# Groups

In [None]:
from datascience import *
from cs104 import *
import numpy as np
%matplotlib inline

## 1. Functions

### Think-pair-share

What will be printed after the following code is executed? 

In [None]:
def triple_add_one(x): 
    """Triples the input and adds one"""
    return 3*x +1 

In [None]:
x = 5
y = 3
z = 2
z = z + triple_add_one(y)
#print(z)

### Apply

In [None]:
heights_original = Table().read_table('data/galton.csv')
heights = heights_original.select('father', 'mother', 'childHeight')
heights = heights.relabeled('childHeight', 'child')
heights.show(5)

In [None]:
heights.hist('child')

There are times we want to perform mathematical operations columns of the table but can't use array broadcasting...

In [None]:
min(heights.column('child'), 72)  # will cause an error

This is problematic because we cannot use array broadcasting with `min` in this way:

In [None]:
min(make_array(70, 73, 69), 72) #should be an error

Instead, define our operation on a *single* value first:

In [None]:
def cut_off_at_72(x):
    """The smaller of x and 72"""
    return min(x, 72)

In [None]:
cut_off_at_72(62)

In [None]:
cut_off_at_72(72)

In [None]:
cut_off_at_72(78)

The table `apply` method can then apply such a function to every entry in a column.

In [None]:
cut_off = heights.apply(cut_off_at_72, 'child')
height2 = heights.with_columns('child', cut_off)

In [None]:
height2.hist('child')

### Apply with multiple columns

In [None]:
heights.show(6)

In [None]:
def average(x, y):
    """Compute the average of two values"""
    return (x + y) / 2

In [None]:
parent_avg = heights.apply(average, 'mother', 'father')
parent_avg.take(np.arange(0, 6))

In [None]:
heights = heights.with_columns(
    'parent average', parent_avg
)
heights

In [None]:
heights.scatter('parent average', 'child')

## 2. Predicting heights using functions and apply

We're following the example in [Ch. 8.1.3](https://inferentialthinking.com/chapters/08/1/Applying_a_Function_to_a_Column.html)

**Think-pair-share:** Suppose researchers encountered a new couple, similar to those in this dataset, and wondered how tall their child would be once their child grew up.
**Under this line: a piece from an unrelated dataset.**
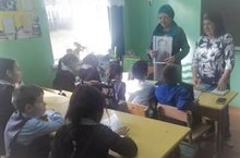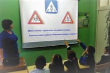 Юл йөрү кагыйдәләре турындагы белемнәрне ныгыту, урамда йөргәндә игътибарлы булырга өйрәтү, машина йөртүче, юл хәрәкәтен көйләүче хезмәткәр һөнәрләренә кызыксыну тәрбияләү максатыннан укучыларга тәрбия сәгате үткәрелде. Балалар юл билгеләре, светофор , транспорт чаралары, юлны аркылып чыгу турындагы белемнәрен искә төшерделәр.Табышмакларга җаваплар таптылар, “Юлда йөри беләсеңме?” дигән эчтәлекле, кызыклы презентация карадылар. -

What would be a good way to  predict the child’s height, given that the parent average height was, say, 68 inches? 

In [None]:
plot = heights.scatter('parent average', 'child')
plot.line(68, color='orange', linestyle='--', lw=2);

**A:** One initial approach would be to base the prediction on all observations (child, parent pairs) that are "close to" 68 inches for the parent. 
- Let's take "close to" to mean within a half-inch
- Let's draw these with red lines

In [None]:
parent_avg_height = 68
close = 0.5

plot = heights.scatter('parent average', 'child')
plot.line(x=parent_avg_height - close, color='red', lw=1)
plot.line(x=parent_avg_height + close, color='red', lw=1)
plot.line(parent_avg_height, color='orange', linestyle='--', lw=2)
plot.dot(x=parent_avg_height, y=67.62, color='orange')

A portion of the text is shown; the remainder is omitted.